Mathematics, Greek, and Latin occupied the whole of my winter at school. What time was not dedicated to study was given over to those childhood games that are the same in all places. The little Englishman, the little German, the little Italian, the little Spaniard, the little Iroquois, the little Bedouin—all of them roll hoops and throw the ball. Children are brothers of one great family and lose their common features only when they lose their innocence. It’s the same the world over. The passions, modified by climates, governments, and customs, form the different nations; humankind ceases to speak and understand the same language: it is society that is the true Tower of Babel.

One morning, I was engrossed in a game of prisoner’s base in the schoolyard when I was told that I was wanted. I followed the servant to the main gate. I found a large, red-faced man with a brusque and impatient way about him, a ferocious tone of voice, carrying a stick in his hand and wearing a badly curled black wig, a torn cassock that he had tucked into his pockets, dusty shoes, and stockings with gaping holes at the heels.

“You,” he said. “Little wretch. Are you not the Chevalier de Chateaubriand de Combourg?”

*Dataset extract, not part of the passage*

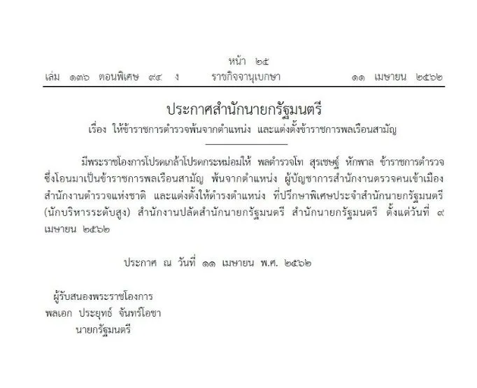 มีพระราชโองการโปรดเกล้าโปรดกระหม่อมให้ พลตำรวจโท สุรเชษฐ์ หักพาล ข้าราชการตำรวจซึ่งโอนมาเป็นข้าราชการพลเรือนสามัญ พ้นจากตำแหน่งผู้บัญชาการสำนักงานตรวจคนเข้าเมือง สำนักงานตำรวจแห่งชาติ และแต่งตั้งให้ดำรงตำแหน่ง ที่ปรึกษาพิเศษประจำสำนักนายกรัฐมนตรี (นักบริหารระดับสูง) สำนักงานปลัดสำนักนายกรัฐมนตรี สำนักนายกรัฐมนตรี ตั้งแต่วันที่ 9 เมษายน 2562

“Yes, Monsieur,” I replied, stunned by the way he spoke to me.

“And I,” he said, almost foaming at the mouth, “I am the last of the oldest branch of your family. I am the Abbé de Chateaubriand de la Guérande. Take a good look at me now.”

The proud priest put his hand in the fob pocket of his old plush breeches, pulled out a moldy six-franc coin wrapped in greasy paper, flung the thing at my nose, and continued his journey afoot, muttering his matins with a furious air. I have since learned that the Prince de Condé once offered this country cleric the post of tutor to the Duc de Bourbon. The bumptious priest replied that the prince, as the owner of the Chateaubriand barony, ought to know that the heirs to this barony might have tutors, but that they would be tutors to no man. Such hauteur was the chief failing of my family. In my father it was odious; my brother took it to ridiculous lengths, and it has passed down to some degree to his eldest son. I am not quite sure, despite my Republican leanings, whether I have entirely shaken it off myself, much as I have tried to conceal it.